I stood from my laying position and moved across the room to the dresser. It was bare, minus the life sized mirror and a set of towels. The drawers were all empty, the closet too. The only thing I'd been given bar a set of bath towels and the bed was a pass to use the bathroom if I needed to throughout the night. Other than that, I presumed I was confined to my room. But now I felt like a prisoner in here. Not like the police station or Ana's cabin in the woods, but contained nonetheless, unable to leave. I ignored my restraints and walked across the room to the door.

The hallways were clear for now. Six individuals continued to breathe heavily each sticking to its own pattern. I moved from my doorway and bolted down the steps and into the kitchen looking for something to do to pass the time. Two minutes in and I was already sifting through the drawers for a pen and paper. It wasn't ideal, but writing was one of the easiest ways for me to express how I felt without the fear of offending anyone around me. That and boxing. The latter didn't seem rational at four o'clock in the morning.

October 20th

4:03 am I'm not sure of what to say. I feel like I should at least talk about how far I've come with my tests, with my progress, something standard, but what's the point? I'm sad, angry, confused, and alone. I've been moving like this for a several days now but it feels like just a blur. Samuel and this other being living inside of me, they are anything but willing to concede. Their "lessons" have almost gotten the us all killed multiple times.

Still, it isn't all bad. I've found a small ray of comfort in this abyss. It's not that I can't let it go and move on. I simply don't want to. A stranger, here in this house of theirs, yet, I feel cared for. I know it isn't fair though. It's been over a week since my birthday. Over a week since my family last saw me alive. I can't even begin to imagine what they've gone through in my absence, trying to find me and eventually giving up hope. Would they do that? Give up hope of finding me? I didn't want to be found. Not by them. I didn't want anything to do with them so long as this life I was a part of  loomed overhead. And yet, I've been taken in by these people, putting them in the same situation; the same danger. It isn't fair. I don't know why I'm still here.

My family, no doubt, would have made the choice to protect me, just as this family had, but I didn't want them to. Either of them. So why is it so much easier for me to ignore my instincts and remain here when I know the consequences of my actions? I know they aren't safe. I know that no real good can come from this and yet, ironically, I feel safe. I feel protected, somehow. Is that weird?

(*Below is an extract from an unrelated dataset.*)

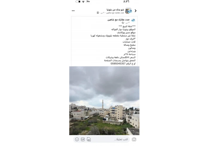 | عنوان الشقة | : رام الله والبيرة-بيتونيا |
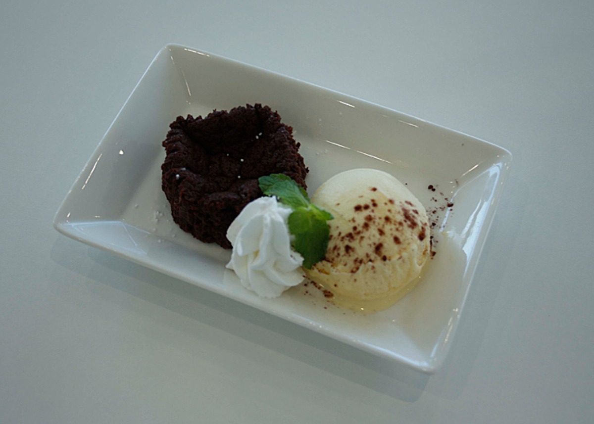 手作りスイーツ(やきプリン、ガトーショコラ)は 配膳はスタッフが行ってくれるので座って待とう1皿200円の良心価格!(写真はガトーショコラ)

I know I'm far from sane at this point. I've witnessed my personality change so fiercely in such a short time and morph into this machine. I don't want to feel anymore. I don't want the pain to continue to rattle around inside of me and fester, shredding my core piece by piece. I want to be free of my bonds. This is why I'm so broken, so isolated from everything else. Nobody can begin to understand what I'm going through with the augmentation of my body, the loss of control, and the emotional and psychological changes that accompanied both. That is, unless they too were thrown into a similar arrangement.